__Given data__
+ + +

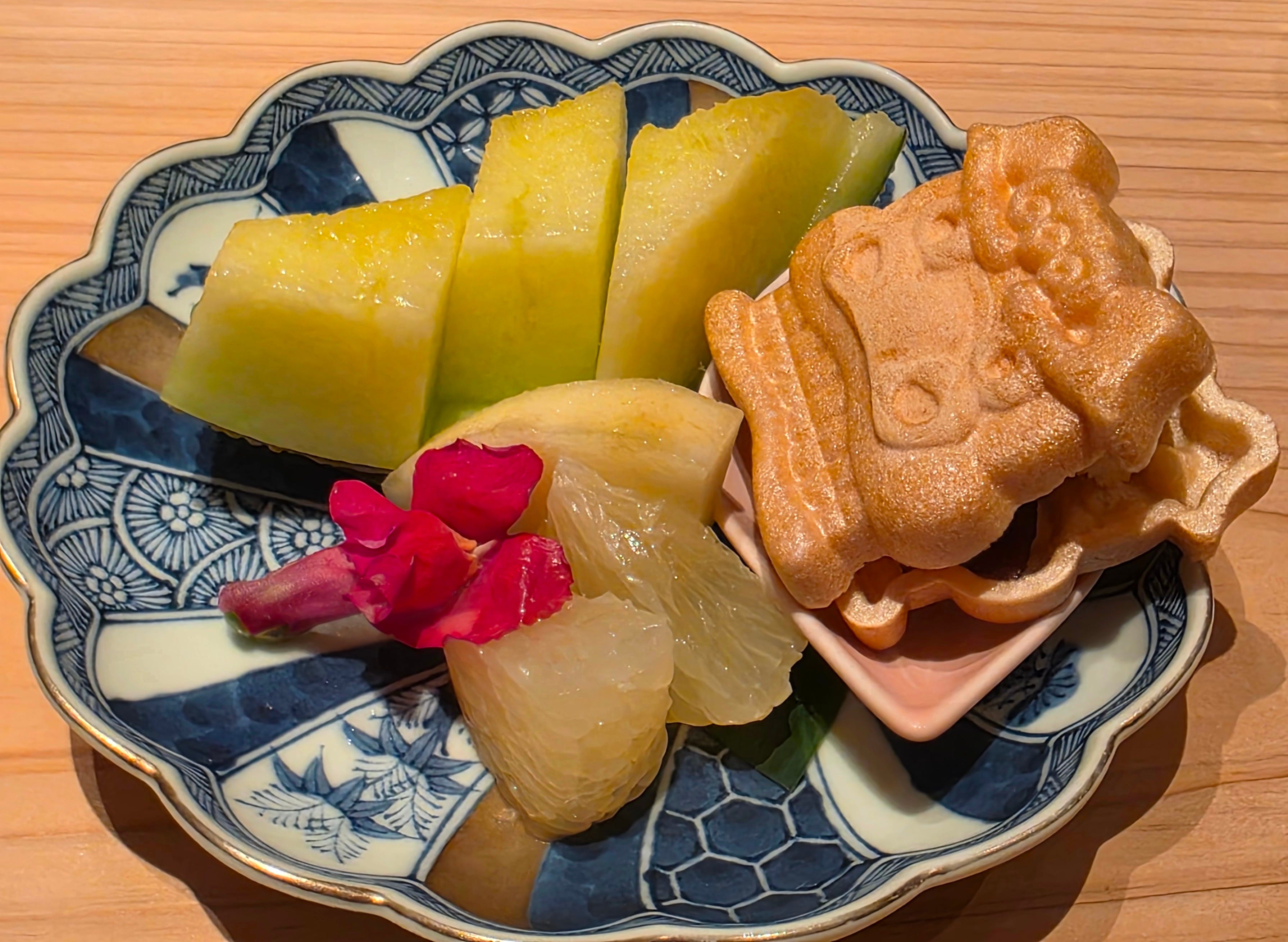 Finally, dessert, A variety of Japanese fruits - muskmelon, pomelo, Japanese snow pears, alongside a crisp rice cracker willed with red bean paste and vanilla ice cream.
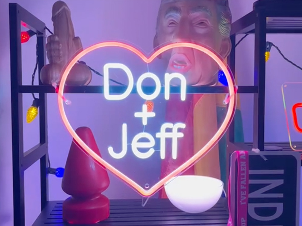 The topper is a neon heart—a callback to Valentine’s Day—paired with a message that does not attempt subtlety:
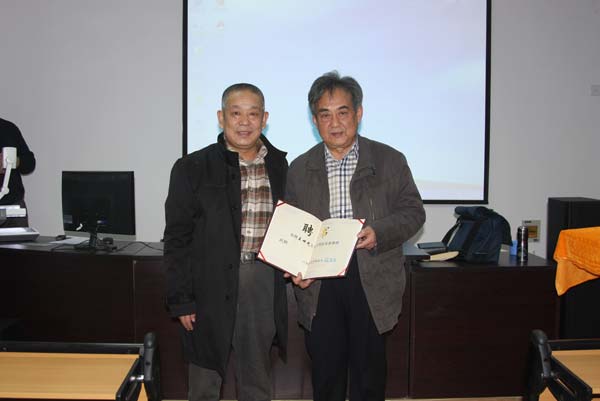 11月30日,原中央歌剧院院长、著名作曲家王世光来我校举办学术讲座并受聘为我校客座教授,张志民院长为王世光先生颁发聘书。

+ + +

__Work to complete__
All lines of the material above should be returned unchanged, but no pictures should be included.

__Exercise result__
 Finally, dessert, A variety of Japanese fruits - muskmelon, pomelo, Japanese snow pears, alongside a crisp rice cracker willed with red bean paste and vanilla ice cream.
 The topper is a neon heart—a callback to Valentine’s Day—paired with a message that does not attempt subtlety:
 11月30日,原中央歌剧院院长、著名作曲家王世光来我校举办学术讲座并受聘为我校客座教授,张志民院长为王世光先生颁发聘书。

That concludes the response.